Categories
Open Source Web Development

Snoopy’s Relative Redirect Bug

Snoopy is a PHP class that automates many common web browsing functions making it easier to fetch and navigate the web using PHP. It’s pretty handy. I found an interesting bug recently and diagnosed it this afternoon.

If you navigate to a 301 or 302 redirect in a subdirectory you can get something like this:

HTTP/1.1 302
Date: Sat, 13 Oct 2007 20:26:46 GMT
Server: Apache/1.3.33 (Unix)
Location: destination.xml
Transfer-Encoding: chunked
Content-Type: text/html; charset=utf-8

The key thing to pay attention to here is Location: destination.xml.

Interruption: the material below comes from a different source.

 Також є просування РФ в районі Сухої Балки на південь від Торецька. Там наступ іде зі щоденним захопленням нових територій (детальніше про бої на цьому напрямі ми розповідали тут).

Say your initial request was to:

http://somesite.tld/directory/request.xml

Our next request based on the redirect should be to:

http://somesite.tld/directory/desination.xml

Instead what Snoopy is doing is appending to the hostname, resulting in an incorrect request:

http://somesite.tld/request.xml

This is correct in cases where the first character of a redirect location contains a “/”. In this case it does not, which makes it incorrect. The following patch I wrote corrects this behavior. As far as I can tell (I haven’t read every word of the spec, but many chunks over the years) the HTTP 1.1 specs RFC 2616 only dictate that URI be provided, it doesn’t seem to require full URL’s. See comments for follow up discussion on the specs. My conclusion is that it’s best practice but not required to use absolute URI’s). I wouldn’t call this a very common practice, but it does exist in the wild.

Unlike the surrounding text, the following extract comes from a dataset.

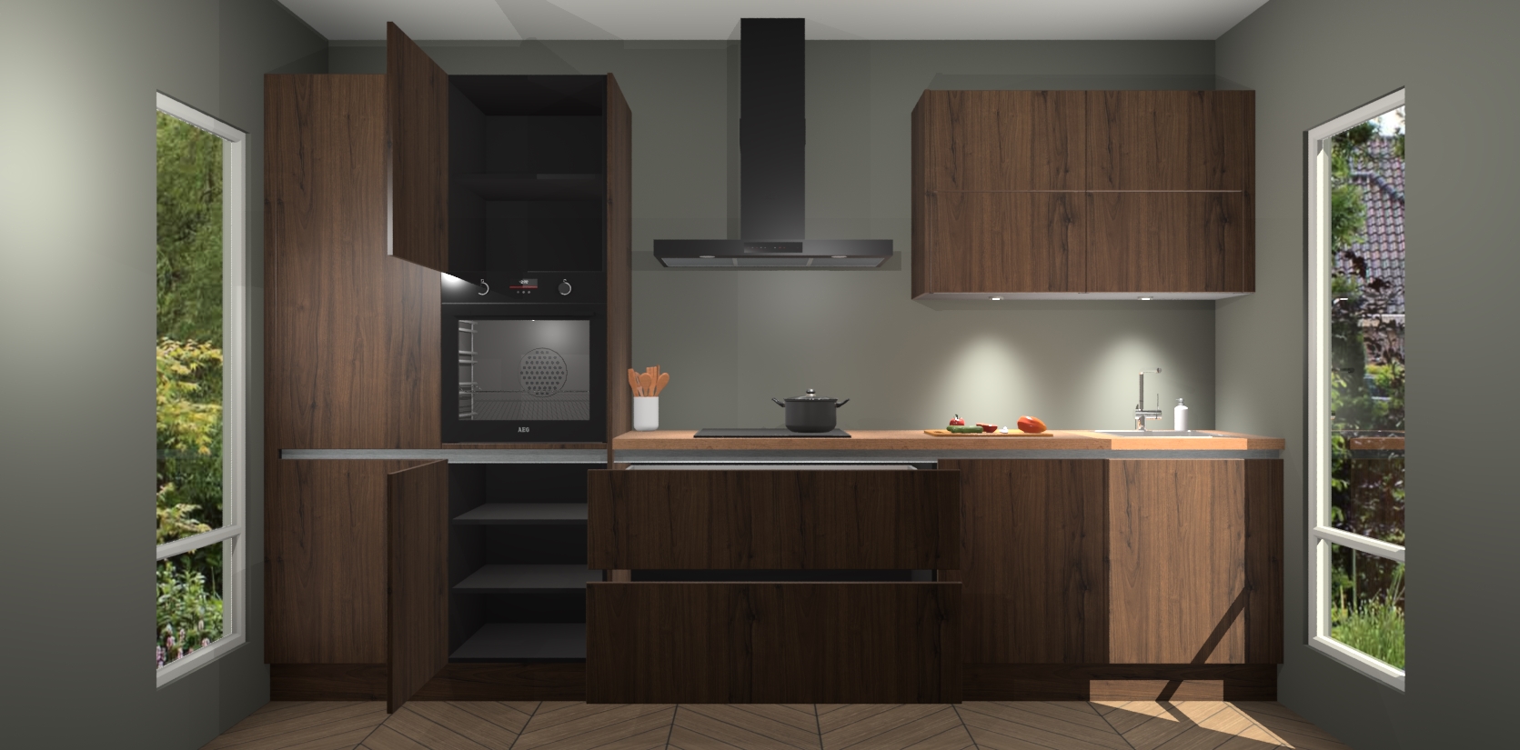 Maak kennis met de nieuwe Noten greeploze Keuken Parijs - de perfecte designcombinatie van gemak, moderne elegantie en ultramodern design. Met een gemakkelijk te reinigen Noten afwerking, zal de slankheid van deze keuken zeker een vleugje luxe toevoegen aan elke ruimte die hij inneemt.

— Snoopy.class.php    200511-08 01:55:33.000000000 -0500
+++ Snoopy-patched.class.php    2007-10-13 16:10:38.000000000 -0400
@@ -871,8 +871,18 @@
                                // look for :// in the Location header to see if hostname is included
                                if(!preg_match("|\:\/\/|",$matches[2]))
                                {
                                        // no host in the path, so prepend
                                        $this->_redirectaddr = $URI_PARTS["scheme"]."://".$this->host.":".$this->port;
+                                       // START patch by Robert Accettura
+                                       // Make sure to keep the directory if it doesn’t start with a ‘/’
+                                       if($matches[2]{0} != ‘/’)
+                                       {
+                                               list($urlPath, $urlParams) = explode(‘?’, $URL);
+                                               $urlDirPath = substr($urlPath, 0, strrpos($urlPath, ‘/’)+1);
+                                               $this->_redirectaddr .= $urlDirPath;
+                                       }
+                                       // END patch by Robert Accettura
+
                                        // eliminate double slash
                                        if(!preg_match("|^/|",$matches[2]))
                                                        $this->_redirectaddr .= "/".$matches[2];

Code provided in this post is released under the same license as Snoopy itself (GNU Lesser General Public License).

Hopefully that solves this problem for anyone else who runs across it. It also teaches a good lesson about redirects. I bet this isn’t the only code out there that incorrectly handles this. Most redirects don’t do this, but there are a few out there that will.